This is a top down approach and it is costly because of multiple opening of b-tree cursor, searching, splitting and merging of b-tree nodes

Bottom up approach :

Lets divide new approach in 3 phase to understand :

  1. Run phase:

a.  In the run phase, Clustered or Primary index has been scanned or read, post which these entries get added to the buffer , known as sort buffer (innodb_sort_buffer_size) with default size of 262144 bytes. Until this, sorting hasn’t been done. So, you can tune this variable according to your data size to speed up the index creation. Once this buffer becomes full , all the records will be sorted and put it in a temporary file (which is explained further in the second part of this process). In addition to sort buffer size, max_sort_length also needs to be modified whenever we are making changes in sort buffer.
Remember here, I am talking about the sort_buffer_size , not the innodb_sort_buffer_size. However, when dealing with innodb engine and while creation of the secondary index online, innodb_sort_buffer_size should be consider

mysql> show global variables like '%sort_buffer%';

+-------------------------+---------+

| Variable_name           | Value   |

+-------------------------+---------+

| innodb_sort_buffer_size | 1048576 |

| myisam_sort_buffer_size | 8388608 |

| sort_buffer_size        | 262144  |

+-------------------------+---------+

3 rows in set (0.01 sec)

mysql>

2. Second phase :

Multiple temporary files, which got generated in run phase will get merged in this phase using MERGE SORT algorithm. At this stage, multiple temporary files got merged with each other. The amount of merge can be seen under the merge_passes status shown below. This status tells how many temporary files are getting merged and if this number is high enough, then it simply means that the sort buffer size is low and is a good time to tweak it.

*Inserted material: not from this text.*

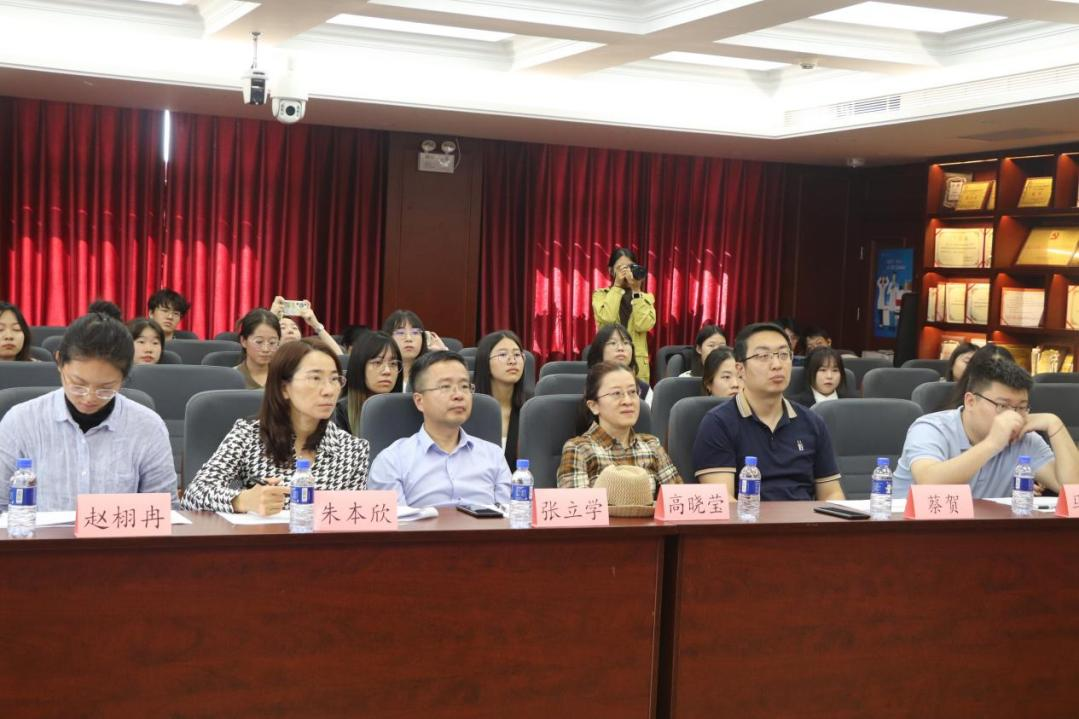 学院党委书记张立学,学位委员会主席高晓莹,副院长朱本欣,学工办主任蔡贺,教学科科长赵栩冉,班主任、任课教师代表马国洋,本科生辅导员黄诗鳗,以及2023级学生骨干中选出的三名学生代表张粲,陈子航,林湘蓉共同担任评委。本次共有31名同学参与答辩,答辩顺序由答辩同学随机抽签决定。答辩过程中,同学们从思想政治、学习成绩、科学研究、综合素质等多个方面进行展示,他们或慷慨激昂,或娓娓道来,博得阵阵掌声。

mysql> show global status like '%passes%';
+-------------------+-------+
| Variable_name     | Value |
+-------------------+-------+
| Sort_merge_passes | 0     |
+-------------------+-------+
1 row in set (0.11 sec)

3. Third phase :

Once all file got merged , all the sorted records from second phase will be inserted into the b-tree nodes.


What’s next ?

Until this point, all these operations i.e. sort and merge is single threaded but starting from MySQL 8, these operations are now multi threaded. Think about a situation wherein you are trying to add a secondary index in your existing table using online DDL approach and you need to get it done faster or you are trying to count the number of records in a heavy table.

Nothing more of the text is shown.